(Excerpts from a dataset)
=-=-=

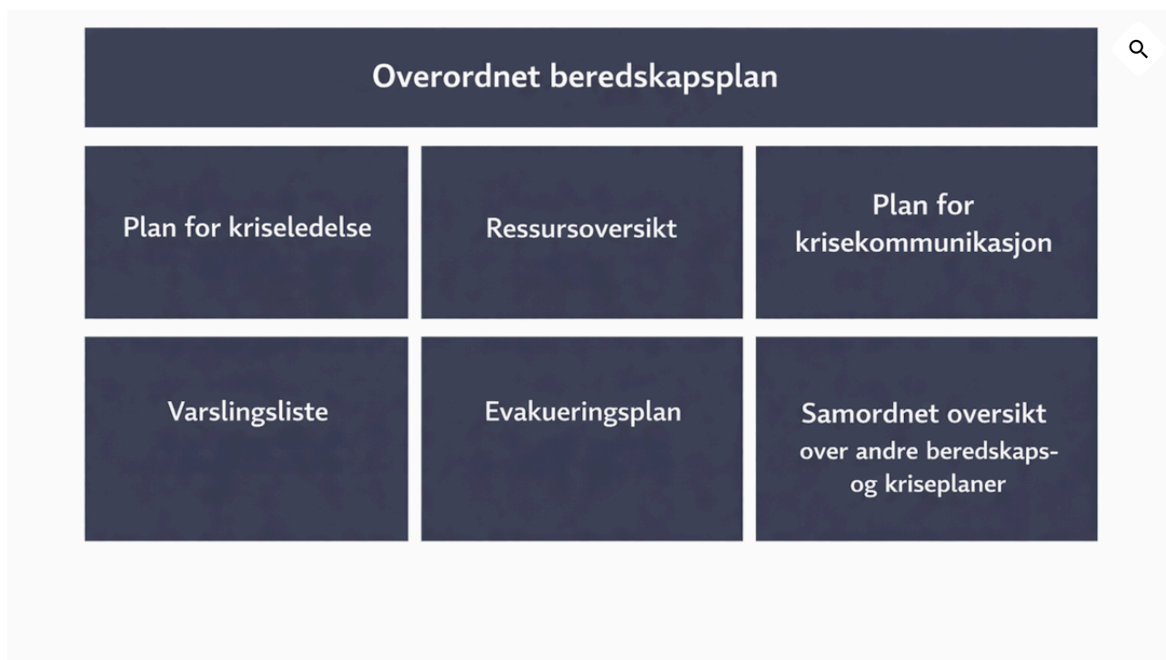
Illustrasjon: Innhold i overordnet beredskapsplan

Overordnet beredskapsplan består av seks deler:
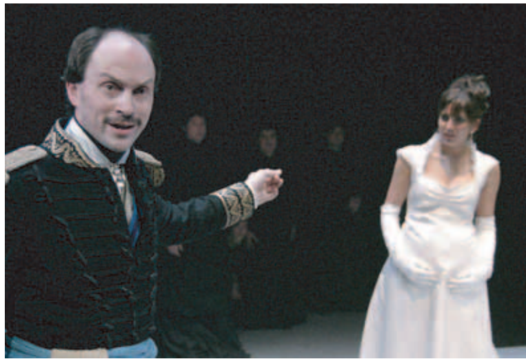
Cuento de invierno
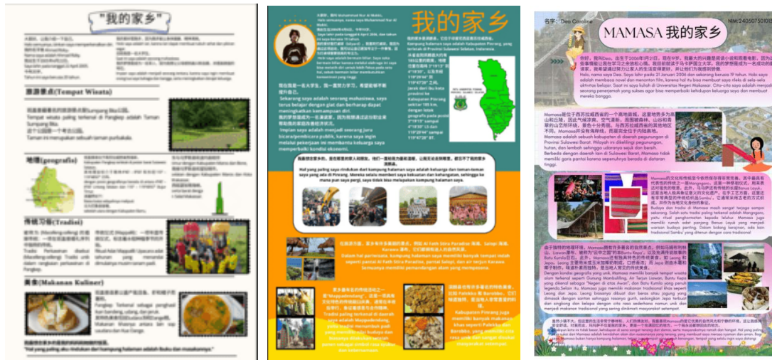
Gambar 1. Hasil Desain Poster Tema Kampung Halamanku Menggunakan Aplikasi Canva
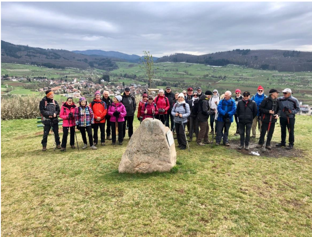
5 avril, balade des cerisiers en fleur autour de Obereggenen, pays de Bade
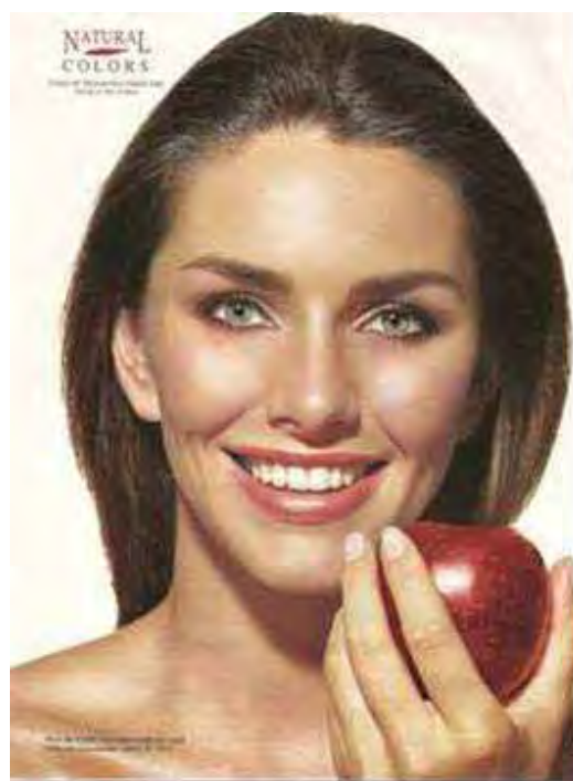
Figura 23: PP de tintura para cabelo
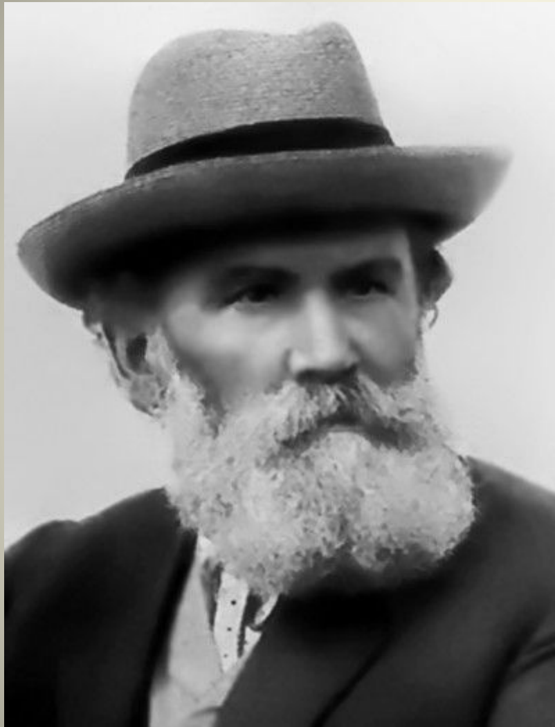
Владимир Галактионович Короленко
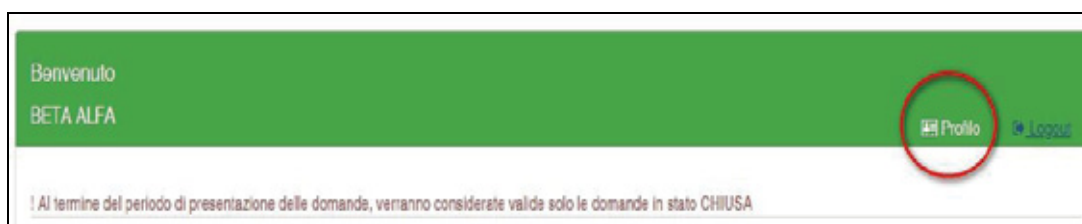
Figura 13 - Modifica-Visualizzazione del Profilo

Un messaggio invita a controllare i dati del Profilo e, nel caso sia la prima domanda che viene compilata dopo la registrazione, un messaggio invita a completare i dati del Profilo per poter proseguire nella compilazione della domanda.
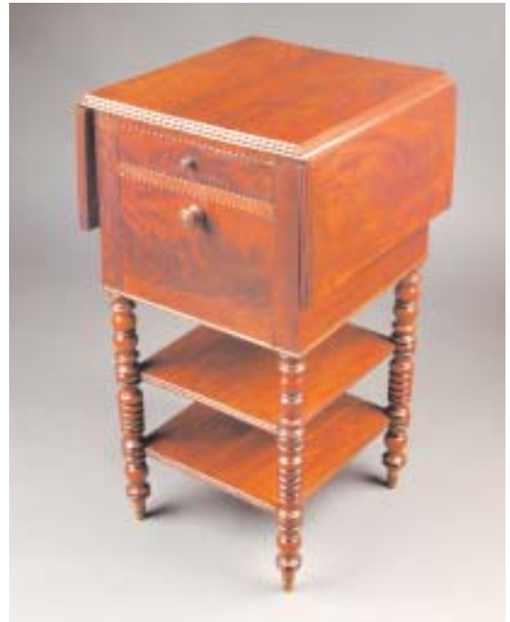
607 MESA DE APOIO COM ABAS EM MOGNO E RAIZ DE MOGNO, francesa, séc. XIX, pequenos restauros Dim. - 71 x 38,5 x 37 cm
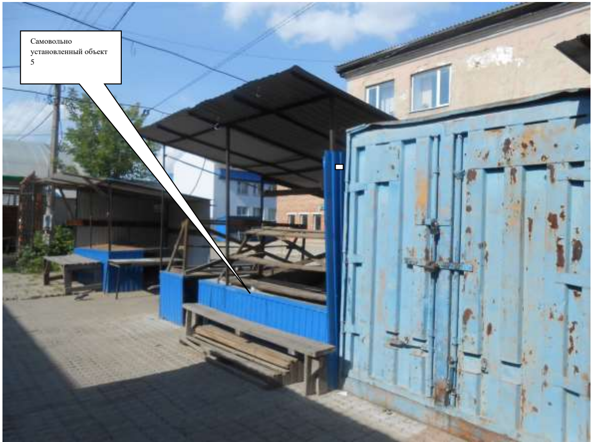
Самовольно установленный объект 5

Информация о факте выявления самовольно установленного некапитального временного объекта по адресу: г. Канск, ул. Московская, 84Б (объект 6)
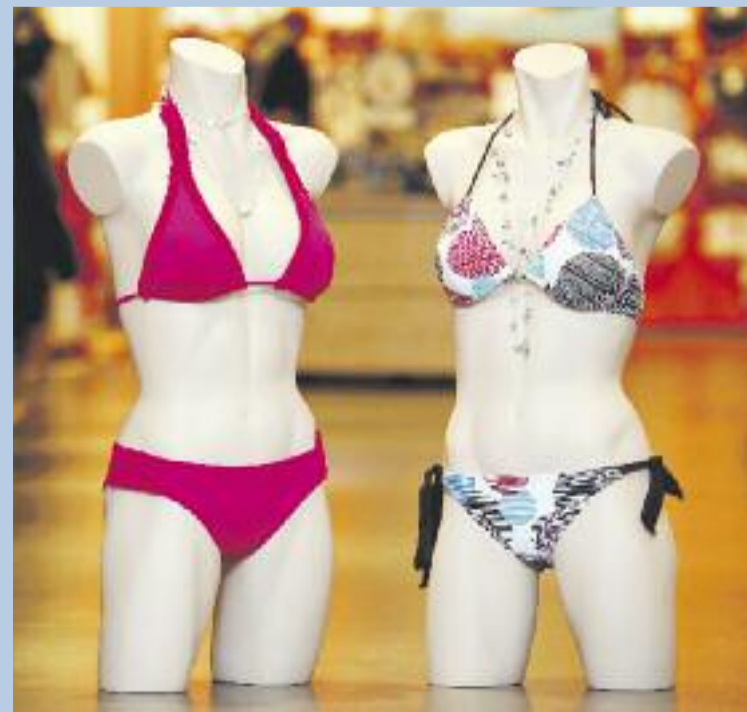
Gesehen bei C & A

Ob pink berücht oder bunt gebunden, egal für welches dieser beiden Modelle Sie sich entscheiden, eines ist gewiss: Sie werden sich vor anerkennenden, etwas länger andauernden und manchmal vielleicht auch neidischen Blicken nicht retten können. Aber wie auch immer die Blicke gedacht sind, diese beiden sind sie in jedem Fall wert und verhehlen ihrer Trägerin ganz sicher zu einem perfekten Strandaufritt – den so Man(n)cher nicht so schnell vergessen wird.
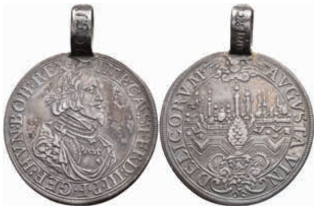
388 Taler, 1641, mit Titel Ferdinand III., Dav. 5039, Forster 286, an altem Henkel, ss. (Abbildung auf 95% verkleinert) 150,—
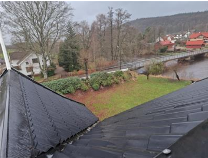
Vy på yttertak
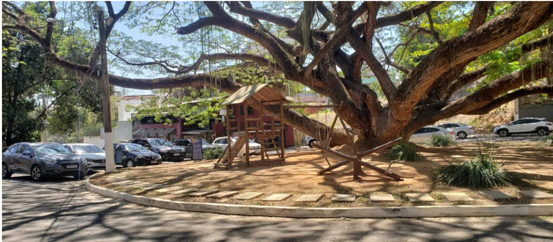
Figura 2 - Praça dos Macacos
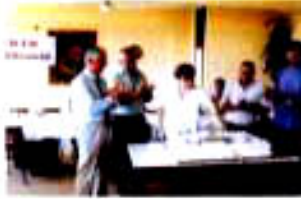
160 1600' lık OHSAD 1400' lüğüne ait bir toplantı odası.
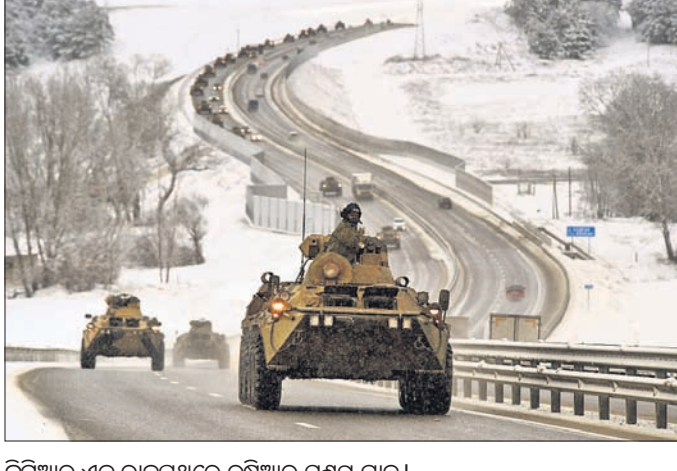
କ୍ରିମିଆର ଏକ ରାଜପଥରେ ରୁଷିଆର ସଶସ୍ତ୍ର ସମାନ୍।

ୟୁକ୍ରେନ ଉପରେ ରୁଷିଆ ଆକ୍ରମଣ କରିବା ଆଶଙ୍କା ଦିନକୁ ଦିନ ବୃଦ୍ଧିଲାଭ ହେବାରେ ଲାଗିଥିବାବେଳେ କ୍ରିଗେନଙ୍କ ନାଁରେ ସଜିନ ଅଭିଯୋଗ ଆଣିଛନ୍ତି କ୍ରିଗେନ।
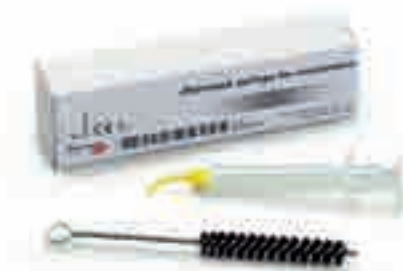
Шприц Zhermack для эластомеров
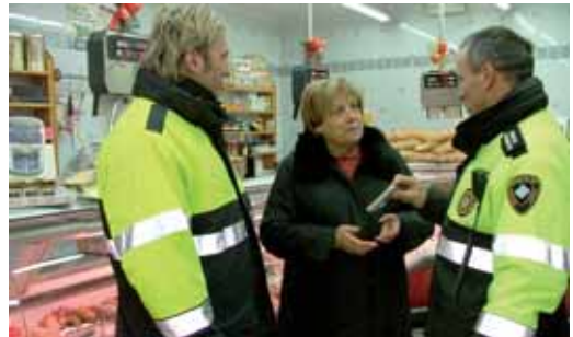
Agents informant de la campanya, any passat

Els agents visitaran els diferents comerços i oferiran als botiguers consells de seguretat. Enguany els repartiran un llaç per a que els comerciants puguin detectar els bitllets falsos. Està previst que la campanya finalitzi el 5 de gener.
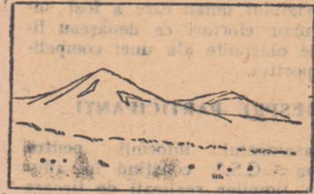
Fig. 3 bis

pentru compoziție nu trebuie să ducă la alegerea unor scheme rigide bazate numai pe simetrie. Uitați-vă, de exemplu, la fig. 4! Simetria compoziției e de vină că fotografia a ieșit atît de caraghioasă. Feriți-vă, în general, de așezarea în centrul fotografiei a elementelor principale, mai ales cînd așezarea aceasta centrală mărește și subliniază și de alte elemente, cum este cazul în fig. 4, cu așezarea centrală a muntelui din spate și simetria munților din față.
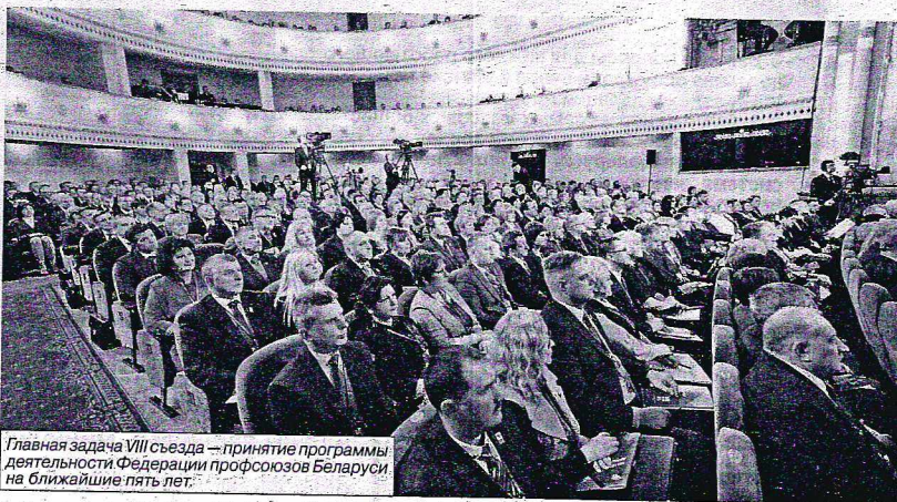
Главная задача VIII съезда — принятие программы деятельности Федерации профсоюзов Беларуси на ближайшие пять лет.

«Не хотелось бы приходить к этой жесткости. В противном
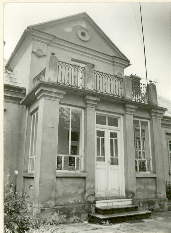
ganek od frontu
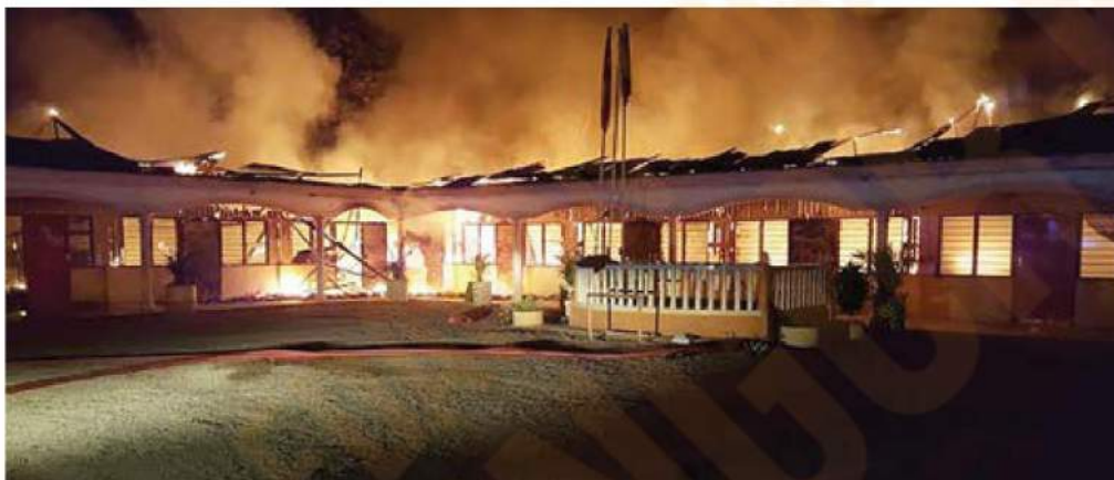
Keadaan Maahad Tahfiz Darul Itqan yang hangus dijilat api dengan kerugian dianggarkan RM300,000

"Kita juga mempertimbangkan sistem penghawa dingin di surau bersesuaian di kawasan berkenaan setelah meneliti beberapa faktor keperluan semasa," katanya.
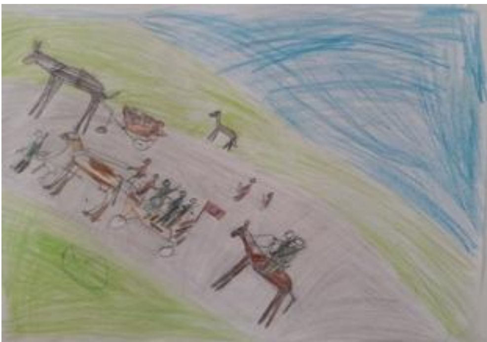
Resim yarışmamızın 1. si, Ayberk KORKMAZ 4 / A , Tebrikler ...
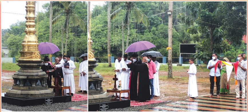
പാറ്റർണൽ കത്തീഡ്രൽ ദൈവാലയത്തിലെ കൊടിമരം അഭിവന്ദ്യ ഡോ. തോമസ് മാർ യൗസേബിയോസ് തിരുമേനീ കുദാശ ചെയ്യുന്നു.
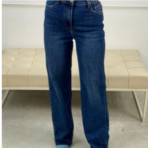
JEANS DONNA - RIF. AA978

=-=-=

> [GOAL OF THE EXERCISE] Take the line with "പാറ്റർണൽ കത്തീഡ്രൽ ദൈവാലയത്തിലെ" as the first line and the last line of the records above as the final one; reproduce exactly the lines between them, both included, without pictures.

> [ANSWER BOX]
പാറ്റർണൽ കത്തീഡ്രൽ ദൈവാലയത്തിലെ കൊടിമരം അഭിവന്ദ്യ ഡോ. തോമസ് മാർ യൗസേബിയോസ് തിരുമേനീ കുദാശ ചെയ്യുന്നു.
JEANS DONNA - RIF. AA978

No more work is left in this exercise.